O capítulo seguinte dessas histórias frequentemente traça um mergulho nas drogas ou gangues, mas Mohammed Alessa, 20 anos, e Carlos E. Almonte, 24 anos, ambos criados nos subúrbios de Nova Jersey, aparentemente tinham outros planos. Eles foram presos na semana passada enquanto se preparavam para voar separadamente para o Egito – e, segundo as autoridades, se juntarem a um grupo militante na Somália para matar não-muçulmanos.

Como passaram de encrenqueiros a suspeitos de terrorismo poderá nunca ser entendido. Mas conversas com muitas pessoas que os conheciam – incluindo as primeiras entrevistas dadas pelos pais de Alessa desde a prisão – deixam claro que ambos enfrentavam problemas há anos, constantemente em choque com as autoridades e com seus pais imigrantes. As autoridades os observam há quase quatro anos.

Revolta guardada

Muitos de seus pares os desprezavam como convencidos infelizes, mais patéticos do que perigosos; amigos disseram que eles gostavam de jogar tênis de mesa ou ir ao restaurante Halal em Manhattan. Mas em transcrições de conversas secretamente gravadas, eles falavam em atirar e decapitar pessoas e em enviar as tropas americanas para casa “cortadas em mil pedaços”.

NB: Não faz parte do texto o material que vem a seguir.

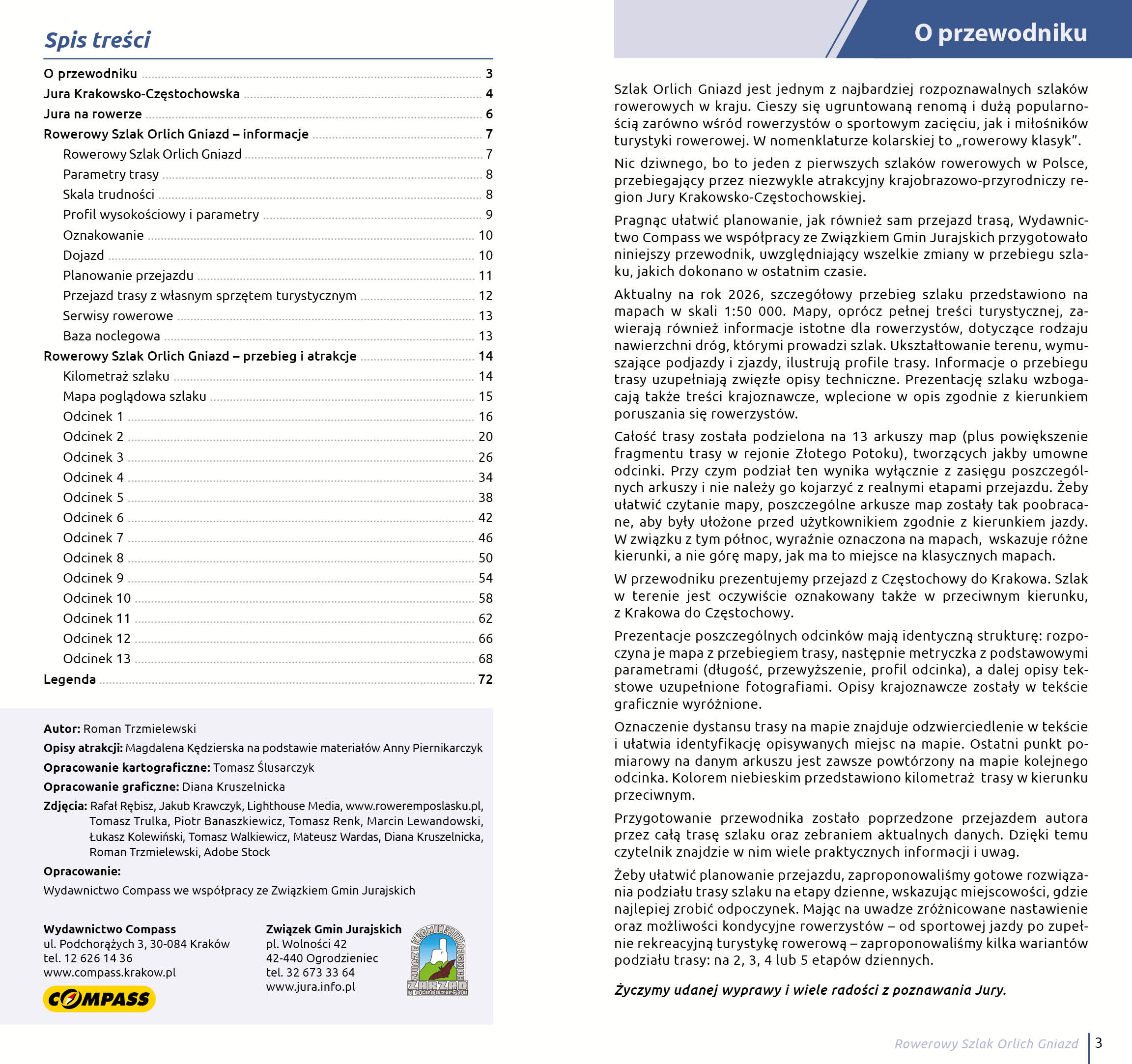 Ten przewodnik rowerowy to kompleksowe narzędzie do planowania i realizacji wyprawy – zarówno krótkiego wypadu, jak i kilkudniowej podróży z rodziną czy znajomymi. Publikacja została przygotowana przez Wydawnictwo Compass we współpracy ze Związkiem Gmin Jurajskich i zawiera aktualny przebieg szlaku wraz z najnowszymi zmianami.

Os pais de Alessa, imigrantes palestinos, são muçulmanos, mas Nadia Alessa não sabe explicar a recente transformação de seu filho único. Ela lembrou de ter perguntado a ele por que estava deixando crescer a barba: “Ele disse que homens de verdade deixam crescer suas barbas”.

Após anos construindo uma vida nos Estados Unidos –um apartamento em North Bergen, uma lanchonete próxima de Bergen County, onde o pai de Mohammed Alessa, Mahmood, sempre concede crédito aos clientes, que o chamam de “Pops” – os pais agora veem tudo isso ameaçado por um filho que não entendem.

“Nós moramos dezesseis anos naquela rua”, disse Nadia Alessa. “Todos nos amavam. Agora todo mundo nos odeia.”

Um vizinho que conheceu Mohammed Alessa por grande parte de sua vida, Wilmer Precilla, disse que o jovem alternava entre o desejo de confrontação e aceitação, fazendo comentários pejorativos sobre os latinos em um bairro de maioria latina, então tentando sem sucesso entrar para uma gangue dominicana chamada Patria.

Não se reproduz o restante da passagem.